### DATA PROVIDED
== Segment start ==

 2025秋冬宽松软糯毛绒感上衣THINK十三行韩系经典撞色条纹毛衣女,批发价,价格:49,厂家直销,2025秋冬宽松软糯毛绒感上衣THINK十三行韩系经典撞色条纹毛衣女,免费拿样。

== Segment end ==
== Segment start ==

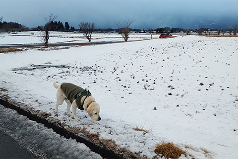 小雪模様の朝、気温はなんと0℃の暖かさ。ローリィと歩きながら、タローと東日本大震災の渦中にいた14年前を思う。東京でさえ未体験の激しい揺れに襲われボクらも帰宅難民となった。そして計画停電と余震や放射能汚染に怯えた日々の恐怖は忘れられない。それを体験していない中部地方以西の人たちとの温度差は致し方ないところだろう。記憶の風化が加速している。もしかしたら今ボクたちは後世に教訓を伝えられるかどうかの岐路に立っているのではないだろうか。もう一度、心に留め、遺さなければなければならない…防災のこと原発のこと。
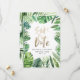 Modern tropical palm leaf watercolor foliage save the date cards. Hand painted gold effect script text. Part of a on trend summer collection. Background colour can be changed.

== Segment end ==
== Segment start ==

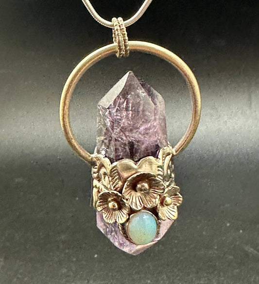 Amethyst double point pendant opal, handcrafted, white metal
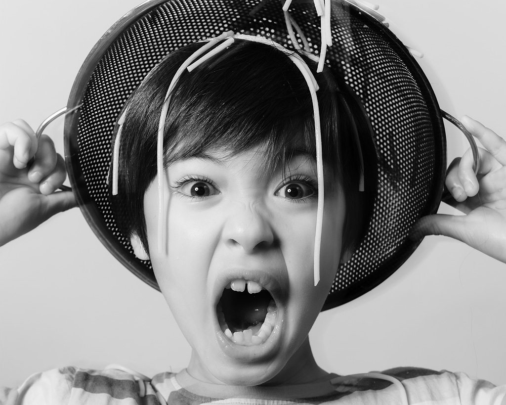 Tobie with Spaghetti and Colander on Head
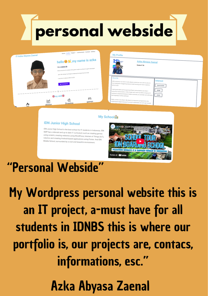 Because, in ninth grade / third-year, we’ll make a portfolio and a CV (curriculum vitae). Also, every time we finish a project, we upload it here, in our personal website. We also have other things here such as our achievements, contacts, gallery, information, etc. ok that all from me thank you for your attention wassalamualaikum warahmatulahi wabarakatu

== Segment end ==

### ABOUT THIS TASK
Write down exactly what the lines above say, from the line holding "小雪模様の朝、気温はなんと0" through the line holding "Modern tropical palm", and nothing more. Do not copy the pictures.

### WRITTEN ANSWER
 小雪模様の朝、気温はなんと0℃の暖かさ。ローリィと歩きながら、タローと東日本大震災の渦中にいた14年前を思う。東京でさえ未体験の激しい揺れに襲われボクらも帰宅難民となった。そして計画停電と余震や放射能汚染に怯えた日々の恐怖は忘れられない。それを体験していない中部地方以西の人たちとの温度差は致し方ないところだろう。記憶の風化が加速している。もしかしたら今ボクたちは後世に教訓を伝えられるかどうかの岐路に立っているのではないだろうか。もう一度、心に留め、遺さなければなければならない…防災のこと原発のこと。
 Modern tropical palm leaf watercolor foliage save the date cards. Hand painted gold effect script text. Part of a on trend summer collection. Background colour can be changed.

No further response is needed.